EXERCISE DETAILS ▸ Taking the entries below, transcribe only the lines starting with the one with "Die Raymond Weil" and going on through the one with "サンサンのご近所で同じくB型", exactly as written, without the pictures.
*** DATA RECORDS Section Begins ***
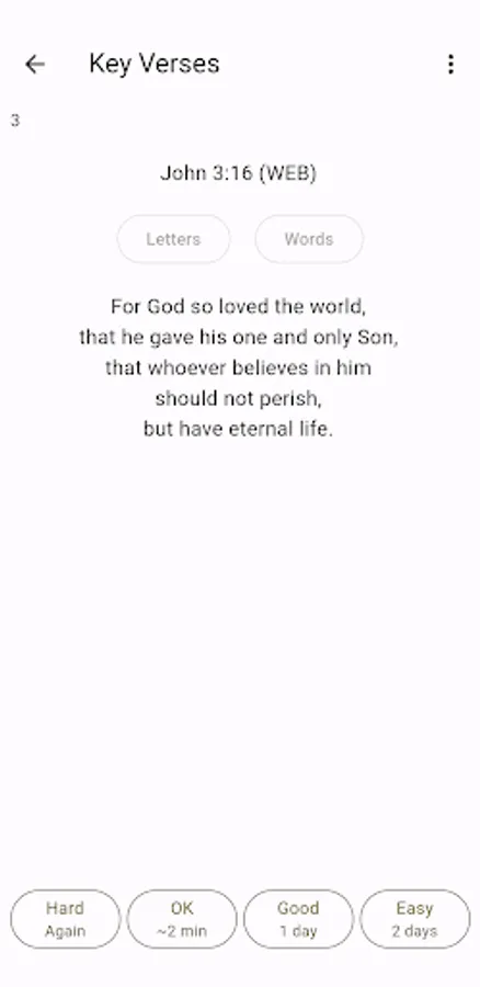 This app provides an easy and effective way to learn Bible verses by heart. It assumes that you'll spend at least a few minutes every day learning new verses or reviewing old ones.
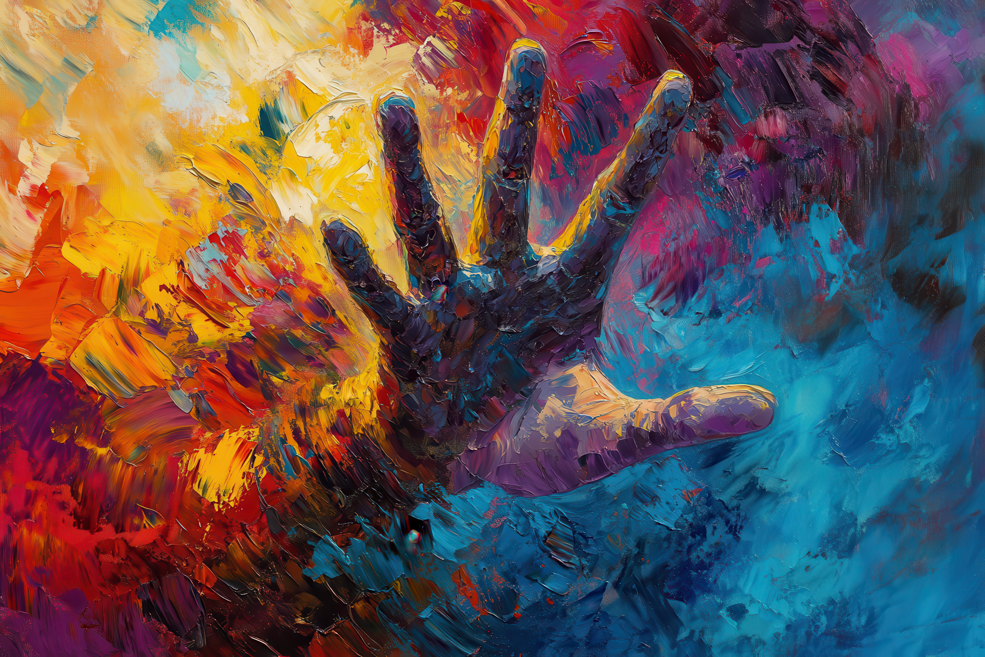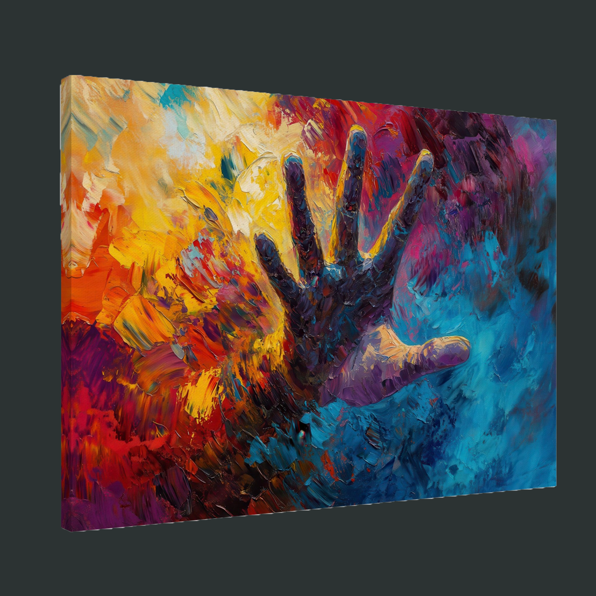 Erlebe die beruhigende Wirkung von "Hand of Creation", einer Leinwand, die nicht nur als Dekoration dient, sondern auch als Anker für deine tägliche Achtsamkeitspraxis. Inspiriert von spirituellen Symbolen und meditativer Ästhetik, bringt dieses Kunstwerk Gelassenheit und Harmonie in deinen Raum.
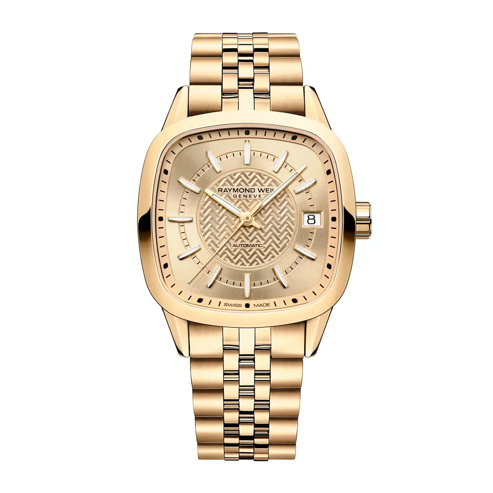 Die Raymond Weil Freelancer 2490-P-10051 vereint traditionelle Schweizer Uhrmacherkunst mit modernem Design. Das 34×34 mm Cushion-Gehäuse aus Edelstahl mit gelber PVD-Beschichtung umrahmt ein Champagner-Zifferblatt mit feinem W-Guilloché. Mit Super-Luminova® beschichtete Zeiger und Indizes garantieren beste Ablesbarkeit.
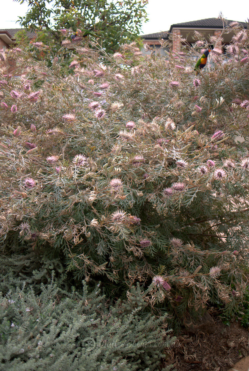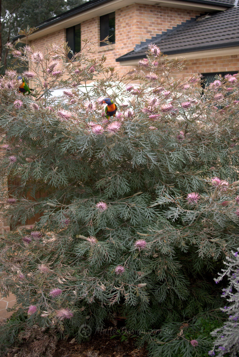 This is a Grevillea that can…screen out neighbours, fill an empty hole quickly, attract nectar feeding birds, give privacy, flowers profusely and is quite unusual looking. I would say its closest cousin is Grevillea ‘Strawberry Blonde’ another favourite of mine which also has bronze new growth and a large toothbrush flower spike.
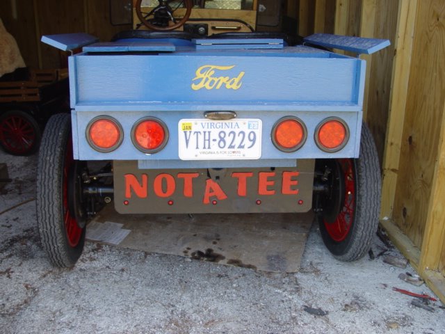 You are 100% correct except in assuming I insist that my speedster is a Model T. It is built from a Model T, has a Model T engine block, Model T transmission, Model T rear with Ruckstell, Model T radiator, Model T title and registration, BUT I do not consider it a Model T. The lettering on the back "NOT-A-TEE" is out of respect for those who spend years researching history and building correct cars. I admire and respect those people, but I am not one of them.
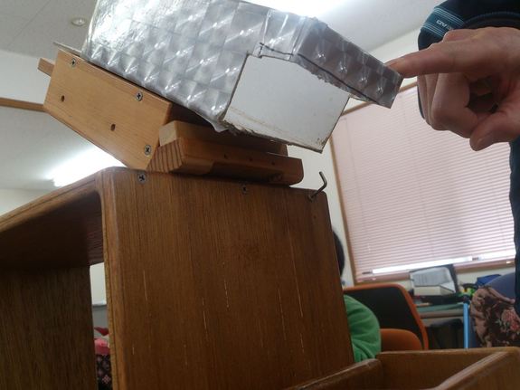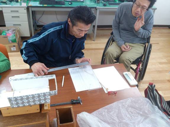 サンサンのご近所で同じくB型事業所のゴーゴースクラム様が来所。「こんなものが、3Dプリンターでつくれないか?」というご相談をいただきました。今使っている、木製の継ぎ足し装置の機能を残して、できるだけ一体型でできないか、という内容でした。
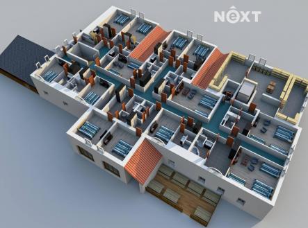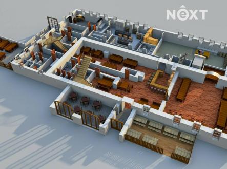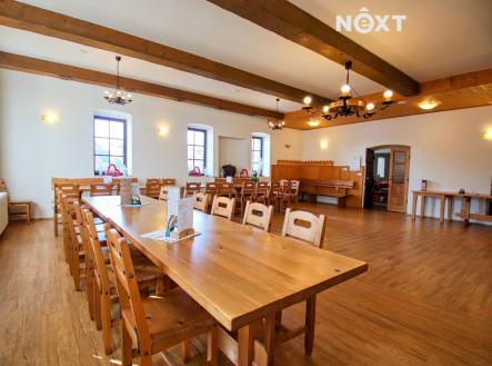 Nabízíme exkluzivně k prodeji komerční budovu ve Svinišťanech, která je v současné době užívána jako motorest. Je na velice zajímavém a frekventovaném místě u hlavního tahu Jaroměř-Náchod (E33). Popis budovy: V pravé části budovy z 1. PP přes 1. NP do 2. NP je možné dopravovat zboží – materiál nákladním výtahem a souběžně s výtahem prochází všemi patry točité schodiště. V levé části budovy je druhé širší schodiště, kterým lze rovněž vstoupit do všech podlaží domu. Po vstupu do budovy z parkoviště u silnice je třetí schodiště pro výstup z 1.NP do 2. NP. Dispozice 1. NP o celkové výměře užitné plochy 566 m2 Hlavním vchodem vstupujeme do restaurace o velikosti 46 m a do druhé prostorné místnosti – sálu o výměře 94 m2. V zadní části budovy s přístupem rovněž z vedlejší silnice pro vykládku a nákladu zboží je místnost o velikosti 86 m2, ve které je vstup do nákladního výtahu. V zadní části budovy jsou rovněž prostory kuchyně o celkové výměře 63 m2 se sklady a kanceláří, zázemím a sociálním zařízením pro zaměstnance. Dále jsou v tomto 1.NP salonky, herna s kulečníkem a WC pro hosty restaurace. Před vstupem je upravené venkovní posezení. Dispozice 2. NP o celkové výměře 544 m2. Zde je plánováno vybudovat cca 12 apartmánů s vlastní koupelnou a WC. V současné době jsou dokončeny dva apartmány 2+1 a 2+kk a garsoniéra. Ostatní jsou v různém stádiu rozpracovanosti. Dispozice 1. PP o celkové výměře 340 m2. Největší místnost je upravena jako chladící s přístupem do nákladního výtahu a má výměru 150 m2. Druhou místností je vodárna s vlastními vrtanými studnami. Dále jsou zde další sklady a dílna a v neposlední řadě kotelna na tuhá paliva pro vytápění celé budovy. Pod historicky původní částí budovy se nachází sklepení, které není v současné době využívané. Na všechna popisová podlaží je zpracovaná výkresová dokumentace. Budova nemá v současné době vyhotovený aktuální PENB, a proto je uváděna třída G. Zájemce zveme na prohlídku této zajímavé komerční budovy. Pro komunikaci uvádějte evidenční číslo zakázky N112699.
*** DATA RECORDS Section Ends ***
EXPECTED ANSWER ▸
 Die Raymond Weil Freelancer 2490-P-10051 vereint traditionelle Schweizer Uhrmacherkunst mit modernem Design. Das 34×34 mm Cushion-Gehäuse aus Edelstahl mit gelber PVD-Beschichtung umrahmt ein Champagner-Zifferblatt mit feinem W-Guilloché. Mit Super-Luminova® beschichtete Zeiger und Indizes garantieren beste Ablesbarkeit.
 This is a Grevillea that can…screen out neighbours, fill an empty hole quickly, attract nectar feeding birds, give privacy, flowers profusely and is quite unusual looking. I would say its closest cousin is Grevillea ‘Strawberry Blonde’ another favourite of mine which also has bronze new growth and a large toothbrush flower spike.
 You are 100% correct except in assuming I insist that my speedster is a Model T. It is built from a Model T, has a Model T engine block, Model T transmission, Model T rear with Ruckstell, Model T radiator, Model T title and registration, BUT I do not consider it a Model T. The lettering on the back "NOT-A-TEE" is out of respect for those who spend years researching history and building correct cars. I admire and respect those people, but I am not one of them.
 サンサンのご近所で同じくB型事業所のゴーゴースクラム様が来所。「こんなものが、3Dプリンターでつくれないか?」というご相談をいただきました。今使っている、木製の継ぎ足し装置の機能を残して、できるだけ一体型でできないか、という内容でした。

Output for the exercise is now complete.